# Inspired by Ansel Adams



## UUilliam (Oct 18, 2010)




----------



## edouble (Oct 18, 2010)

I catch your drift but Ansel Adams wouldn't have underexposed it  Should have used a red filter as well Ansel Adams would have :er:


----------



## UUilliam (Oct 18, 2010)

LOL  
I just meant the black and white really 

also, Dom bower has a new website now it is Dom Bower Photo Blog
he also has a new youtube channel (for his tips n reviews, his old one is just for messing around now.)


----------



## edouble (Oct 18, 2010)

UUilliam said:


> LOL
> I just meant the black and white really
> 
> also, Dom bower has a new website now it is Dom Bower Photo Blog
> he also has a new youtube channel (for his tips n reviews, his old one is just for messing around now.)

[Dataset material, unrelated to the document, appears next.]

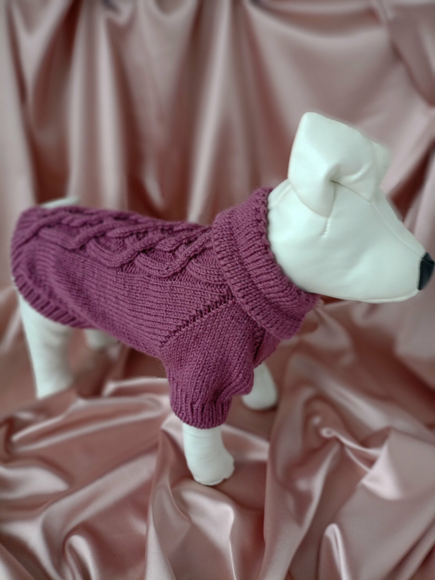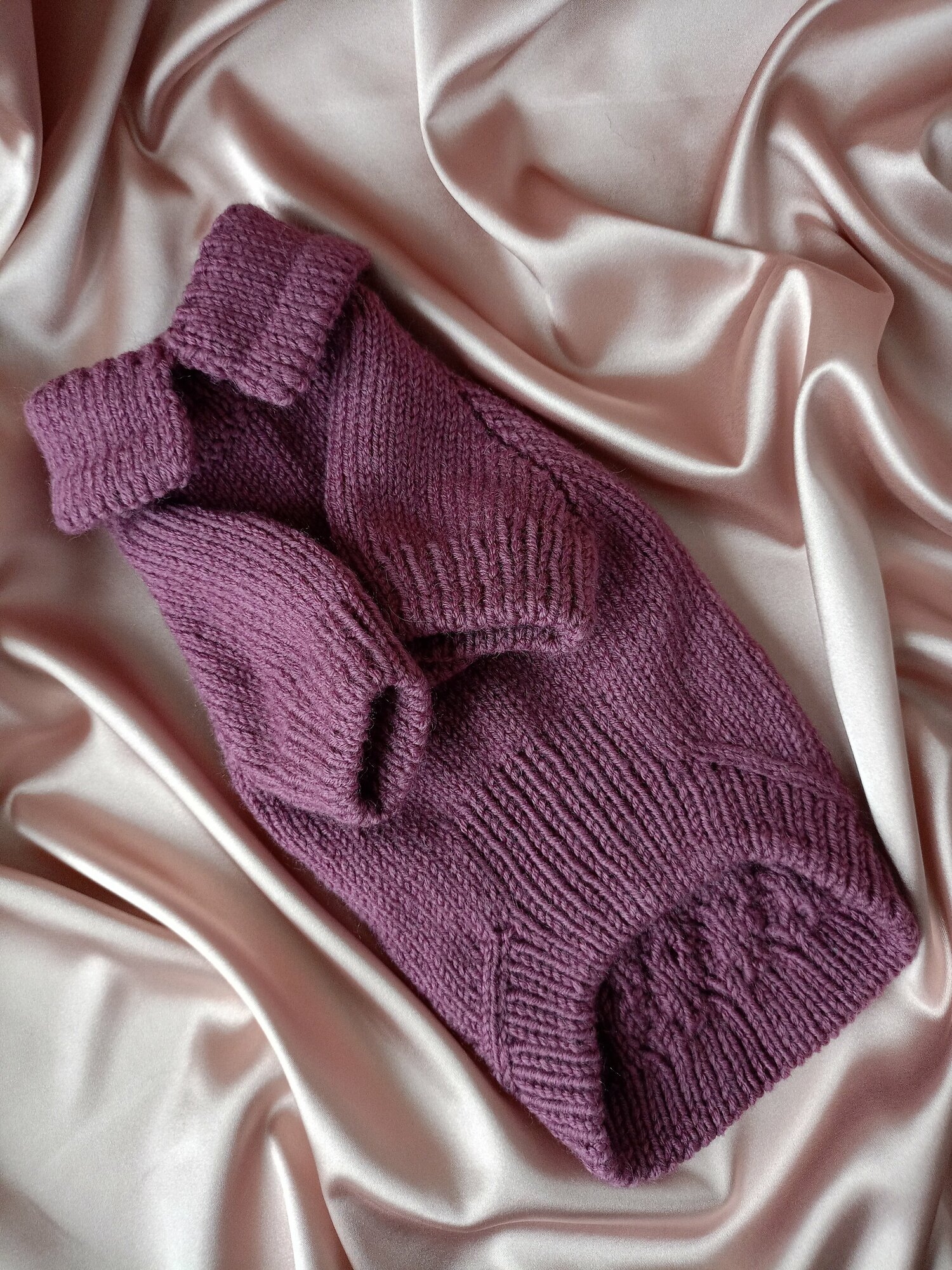 Свитер вязаный, сиреневый, размер М, ручная работа, одежда для собак мелких пород. интересное:

Awesome I can't wait to check it out!


----------



## DirtyDFeckers (Oct 18, 2010)

I like this shot... it's inspiring... Maybe up the exposure just a bit, and you'll be good to go.


----------



## AnselAdams (Oct 29, 2010)




----------



## Phil Holland (Oct 29, 2010)

Nice photo. Thanks for sharing.


----------



## photoguy222 (Oct 29, 2010)

Love some of these--this one is inspired by Ansel Adams that I took...





shutterflytravel.com (this is a travel photo group where it was taken)


----------



## TiCoyote (Oct 29, 2010)

I don't really like the ghosting in the second image.  Also, perhaps still underexposed.


----------